Safar Barlik (سفر برلك) is a 1967 Lebanese musical and war film directed by Henry Barakat. The film stars Fairuz, Nasri Shamseddine, Huda, Assi Rahbani, Berj Fazlian, Salah Tizani and Salwa Haddad. It was filmed in the northern villages of Beit Chabab and Douma in Lebanon.

==Plot==
Set in Lebanon in 1914, during the first world war, the Ottoman Empire is trying to starve the Lebanese people by stopping wheat from entering the country. The Empire is also taking men and forcing them into slavery and among these men is Abdo, the fiance of Adla.
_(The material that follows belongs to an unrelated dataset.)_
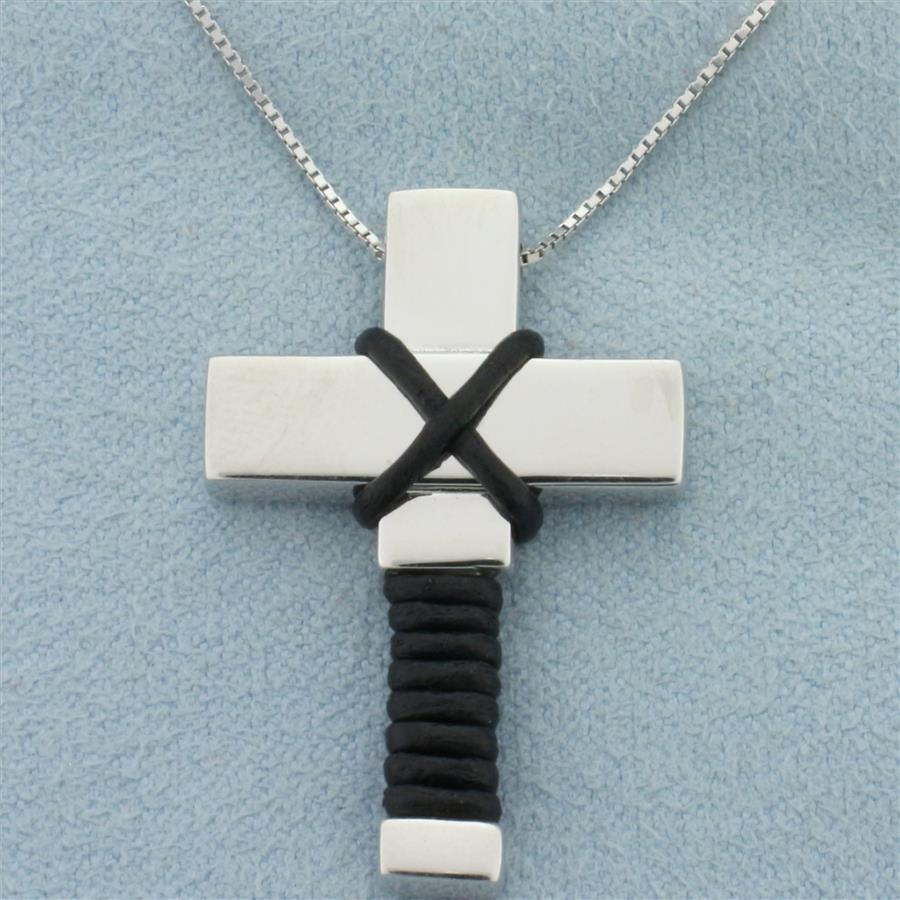 In 14k white gold. Italian made. 16.5 inches long, 7mm wide box link chain with lobster clasp. Cross measures 1 1/4 inches long x 3/4 inches wide. 5.0g.

When Adla is taken, she searches for Abdo.

==Cast==
- Fairuz as Adla
- Nasri Shamseddine as Elmoukhtar
- Huda as Zoumorod
- Assi Rahbani as Abou Ahmed
- Berj Fazlian as Re'fat Bek
- Rafic Sabeii as Abou Darwish
- Salwa Haddad as Oum Youssef
- Joseph Nassif as Elhasoon
- Layla Karam as Zahia
- Salah Tizani as Fares
- Abdulallah Homsi as Asad
- Ahmed Khalifa as Haji Noula
- Ihssan Sadek as Abdo

==Music==
Notable songs from the film include:
- "Ya Tayr" (Oh Bird! يا طير)
- "Allamouni Henni Allamouni" (they taught me your love علّموني هنّي علّموني)
- "Ya Ahl El Dar" (Lords of the mansion يا أهل الدار)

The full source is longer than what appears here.